Many traditional cultures have their young men and women go walkabout – to look within, find meaning and face who they are. Now the extraordinary art of Driaan Claassen gives those inner thoughts a visual language.

“I address mental health by using my work as a visual metaphor to touch on physical and etherial subjects matters…to bridge the gap between what happens inside my own imagination and how I can portray that to the viewer,” he explains. Struggling at school, unable to qualify for university, Driaan found 3D animation, and with it, his passion.

“My unique style is defined by a simplification of visuals and shapes that I experience in my own mind, having dealt with menials health issues, my work was a means for me to create a roadmap for me to understand my own internal processes,” he says. We joined Driaan at his studio at his studio in Woodstock, Cape Town.

“Having a space like this really affords me the opportunity to explore my medium and my work narratively as well as physically, in a very calm and effective way to think about what impact I have on society and my community at large,” says Driaan. Working at the outer edge of his ability is where this artist is happiest. A place where logic ends, and intuition takes over.

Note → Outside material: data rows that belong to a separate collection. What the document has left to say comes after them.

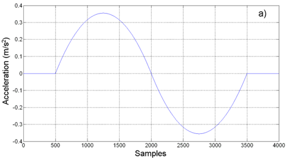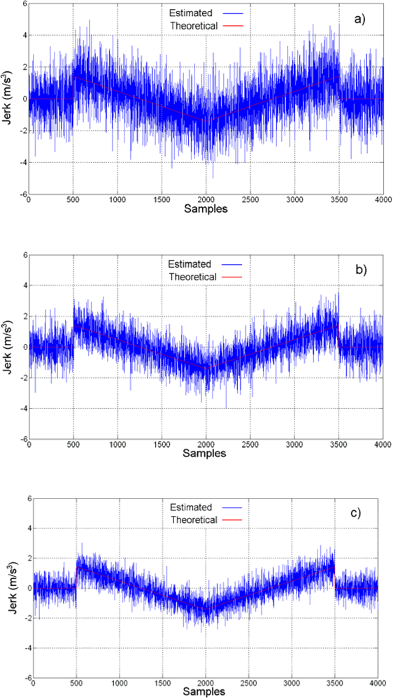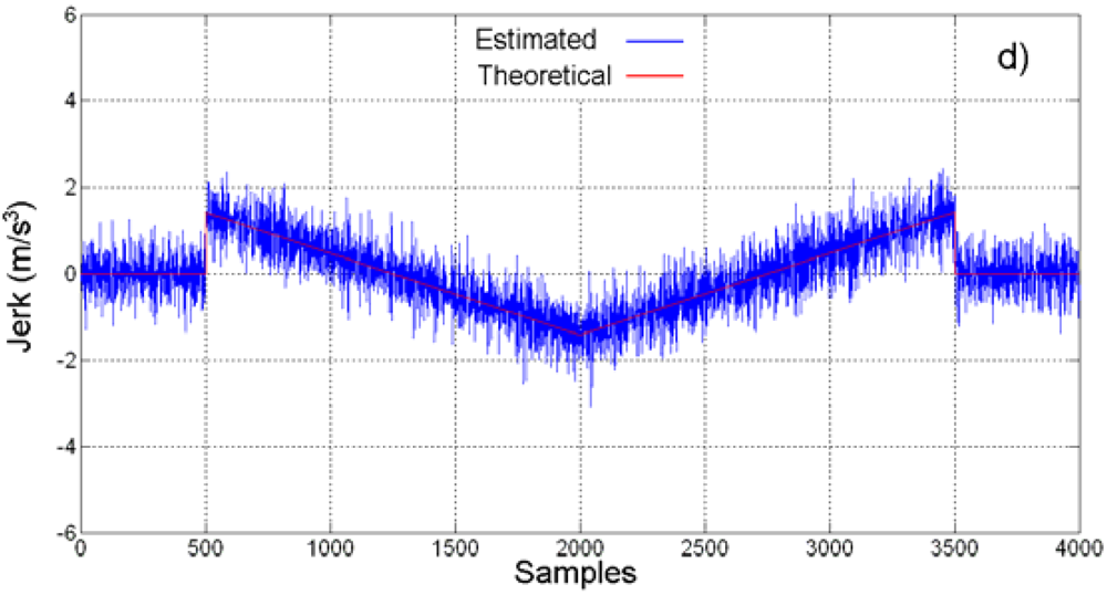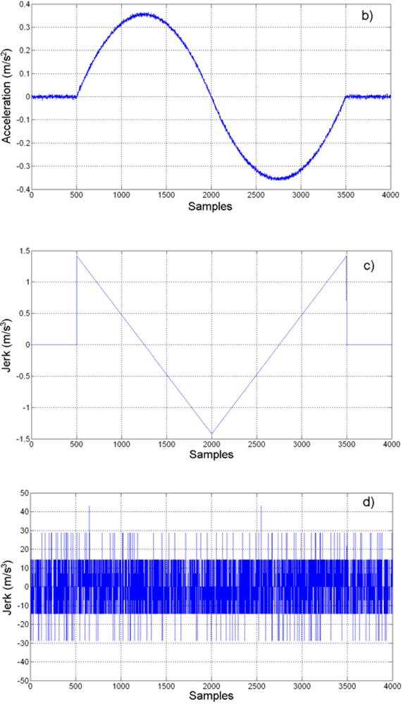 Figure 7 shows the obtained results for jerk estimation from the acceleration profile. The theoretical jerk is shown in Figure 7a. Figure 7b shows the jerk as estimated by finite differentiation at the Nyquist sampling rate. Figures 7c-f contains the estimated jerk with the proposed methodology for 4-, 8-, 16-, and 32-times oversampling, respectively. As expected, direct finite differentiation for jerk estimation gives a highly corrupted signal that takes quantized integer values in the range: [-2, 2]. Jerk estimation with the proposed methodology greatly improves resolution on results, even for the 4-times oversampling rate.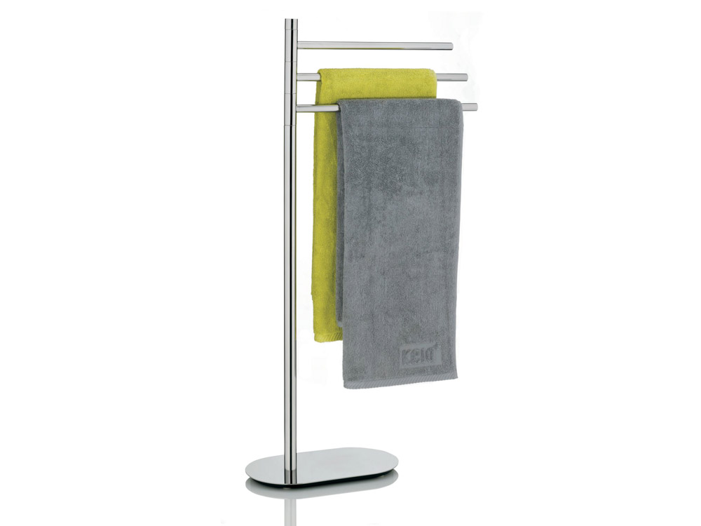 Stojak Lucido to elegancki podłogowy stojak na ręczniki wykonany z polerowanej stali nierdzewnej z 3-poziomowym ramieniem z ruchomymi obrotowymi, funkcyjnymi poprzeczkami. Stojak posiada obciążoną owalną podstawę zapewniającą stabilność stojaka. Jest to bardzo praktyczny, ale również oryginalny pod względem wizualnym element wystroju łazienki.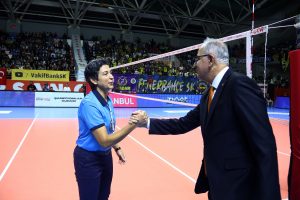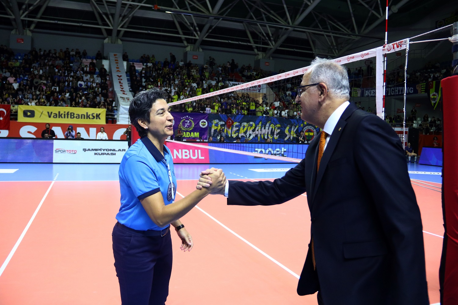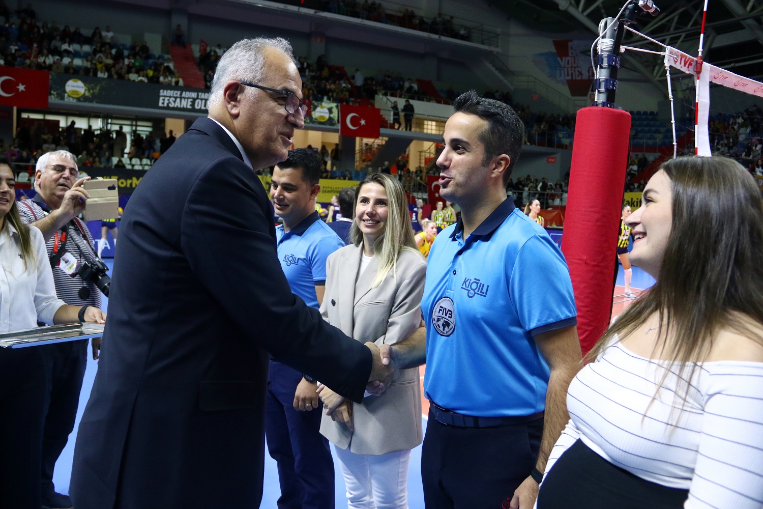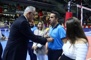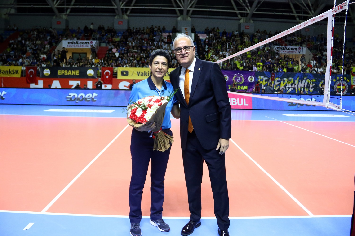 Karşılaşma öncesinde TVF Başkanı Mehmet Akif Üstündağ, Türk kadınını ve voleybol hakemliğini Avrupa ve dünya salonlarında başarıyla temsil eden Uluslararası Voleybol Hakemimiz Prof. Dr. Nurper Özbar’ı tebrik ederek çiçek takdim etti.

“Bringing different materials together is an understanding of constraints of each one of those material manufacturing processes and limitations,” he explains. These physical representations of ideas stir the same wonder as telescope images captured of the birth of stars.

“When coming to my studio, you will find a large variety of different sculptures in different mediums,” he says, “each provoking a different emotion and quality of engagement and asking questions that one can reflect on on the self and through the nature of consciousness and the mind.”

Seeing his work as a positive reflection of dealing with struggles with mental health, the artist insists that if you have a reason to live, you can surmount almost any obstacle.

“My ultimate aspiration is to create work that is beautiful, the main reason for this is that it allows me to bring the viewers guard down before introducing them to the narrative structure underlying my work,” he says, “so that allows me to communicate something quite difficult in a more relaxed and vulnerable state.”

“Reflecting on how far I’ve come, I’m really excited to know that this is only the start and that there is so much more to come now that the foundation of the narrative and the work is established,” says Driaan. 

Having developed this visual language to navigate his own troubled waters, Driaan now wants his art to help others create their own uniquely positive energy.